(DATA)

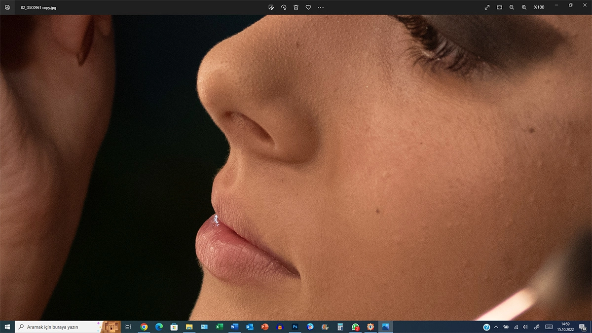 Işığın az buçuk yeterli olduğu ortamlarda ISO değerini yükseltmek grene çok etki etmemektedir. Bunu makyaj masasında çektiğim fotoğraflarda görebilirsiniz. Yüze gelen ışık miktarı her ne kadar gün ışığı kadar olmasa da “ISO 1000” değerinde hemen hemen hiç gren “noise” vermemektedir.
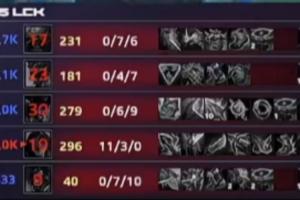 决胜局Viper卡莎拿下11/3/0数据,拿下全队所有人头;其余四位队友全部人头挂零。
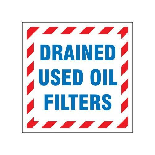 Accuform, MHZW505PSP, 6" x 6" Drum & Container Label "Drained Used Oil Filters" Adhesive Coated Paper
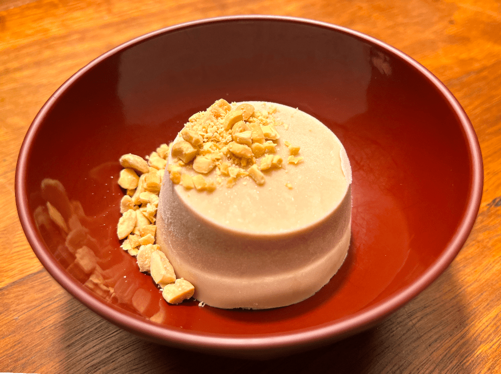 Pour 1 can of organic coconut cream into a saucepan and add 2 stalks of lemongrass (bruised and cut into shorter lengths) ¼ of a cup of yuzu juice, 2 tablespoons of corn syrup and ⅓ – ½ a cup of palm sugar. Palm sugar can vary in sweetness so taste the mixture to make sure you have the right amount. Bring the mixture to a simmer for a few minutes then set aside to cool. When cool, remove the lemongrass and place the mixture in a high speed blender. Add ¼ – ½ a teaspoon of salt to taste and ⅛ of a teaspoon each of xantham gum and guar gum (optional). Chill in the fridge overnight. Churn in an ice cream machine then freeze for a few hours. Serve garnished with chopped peanuts.

(End DATA)

▸ **YOUR TASK**
Omit pictures and output the listing exactly.

▸ **SOLUTION TO THIS EXERCISE**
 Işığın az buçuk yeterli olduğu ortamlarda ISO değerini yükseltmek grene çok etki etmemektedir. Bunu makyaj masasında çektiğim fotoğraflarda görebilirsiniz. Yüze gelen ışık miktarı her ne kadar gün ışığı kadar olmasa da “ISO 1000” değerinde hemen hemen hiç gren “noise” vermemektedir.
 决胜局Viper卡莎拿下11/3/0数据,拿下全队所有人头;其余四位队友全部人头挂零。
 Accuform, MHZW505PSP, 6" x 6" Drum & Container Label "Drained Used Oil Filters" Adhesive Coated Paper
 Pour 1 can of organic coconut cream into a saucepan and add 2 stalks of lemongrass (bruised and cut into shorter lengths) ¼ of a cup of yuzu juice, 2 tablespoons of corn syrup and ⅓ – ½ a cup of palm sugar. Palm sugar can vary in sweetness so taste the mixture to make sure you have the right amount. Bring the mixture to a simmer for a few minutes then set aside to cool. When cool, remove the lemongrass and place the mixture in a high speed blender. Add ¼ – ½ a teaspoon of salt to taste and ⅛ of a teaspoon each of xantham gum and guar gum (optional). Chill in the fridge overnight. Churn in an ice cream machine then freeze for a few hours. Serve garnished with chopped peanuts.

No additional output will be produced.